Note: h5 generated by GE pipeline v1.1.1 or earlier will not work

This step is not needed for h5 files generated by GE pipeline v1.2.1 onwards#

import pandas as pd

from missionbio.h5.data.reader import H5Reader
from missionbio.h5.data.writer import H5Writer
h5_path = 'Path to the h5 from v1.2 pipeline'


## These are path to panel files which are within the GE panel ZIP file
## Extract the ZIP file and specify path to each file here
panel_design_summary_path = 'Path to designSummary.tab panel file'
panel_submitted_path = 'Path to submitted panel file'
panel_target_groups_path = 'Path to target_groups.csv panel file'
design_summary = pd.read_csv(panel_design_summary_path, sep='\t')
submitted_bed = pd.read_csv(panel_submitted_path, sep="\t", header=None, names=["chrom", "start", "stop", "target_name",],)
target_groups = pd.read_csv(panel_target_groups_path)

with H5Reader(h5_path) as reader:
    all_assays = reader.assays()
    all_samples = reader.samples()

with H5Writer(h5_path, mode="a") as writer:
    if "ge_dna_variants" in all_assays:
        for sample in all_samples:
            info = {
                sample: {
                    "design_summary": design_summary,
                    "submitted_bed": submitted_bed,
                    "target_groups": target_groups,
                }
            }

            writer.write_info("ge_dna_variants", info)

Step-1: Load the necessary libraries#

import numpy as np
import pandas as pd

import plotly.graph_objects as go

import missionbio.mosaic.io as mio

Step-2: Load the sample H5 file#

The example dataset can be downloaded from https://github.com/MissionBio/mosaic-jupyter/blob/master/exampleH5/edited-t-cells.h5

sample = mio.load('/Users/user_name/Documents/edited-t-cells.h5')

Step-3: Protein data analysis#

This is showing a standard protein analysis workflow including the following steps:

  • Normalizing protein reads

  • Prinicple Component analysis on the normalized read counts

  • Running UMAP on chosen PCs

  • Clustering the protein data using the UMAP dimensions

  • Visualizing the normalized read counts for the identified clusters (as a heatmap)

  • Renaming the clusters to more meaningful names (this step is not added for this example data)

For the latest protein analysis methods refer to the notebook here.

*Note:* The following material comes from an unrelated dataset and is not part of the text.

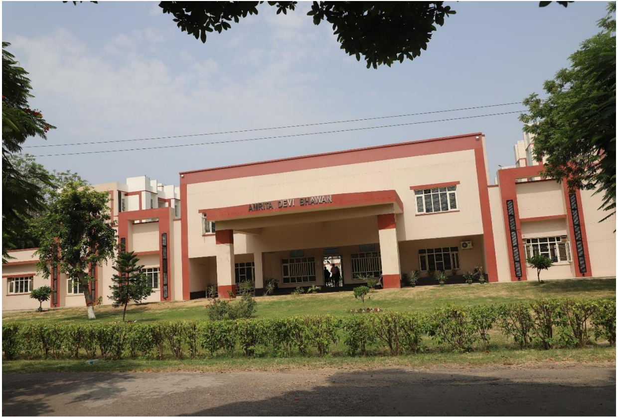
Amrita Devi Bhawan (Girls Hostel –IV)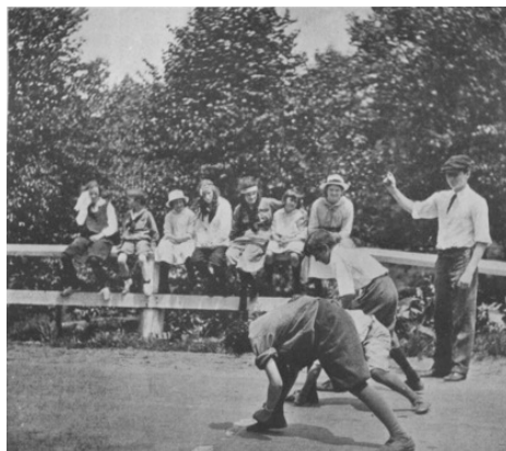
A RACE, WHILE "WAKO" SAT ON THE FENCE.

"I wasn't quite sure of what I was supposed to do, so I collected a few short notes—but I can do better next time, Miss—O Chief!" explained Mildred.

sample.protein.normalize_reads('NSP',random_state=42)
sample.protein.run_pca(attribute='normalized_counts', components=10, show_plot=True, random_state=42)
sample.protein.run_umap('normalized_counts', random_state=42)
sample.protein.cluster('umap', method='graph-community', k=5)
sample.protein.heatmap('normalized_counts')
# sample.protein.rename_labels({
#     "1": "Cell-type1",
#     "2": "Cell-type2",
#     "3": "Cell-type3",
#     "4": "Cell-type4",
#     "5": "Cell-type5",
# })

Step-4: Generating GE tables used for downstream plots#

The GE workflow starts with filtering low quality variants followed by identifying the edit status for each target in each cell. Variant filtering is done using 3 different filters:

  • min_gq: Remove variants which have genotyping quality or GQ (as calculated by GATK) lower than this threshold. Default value for this filter is 30.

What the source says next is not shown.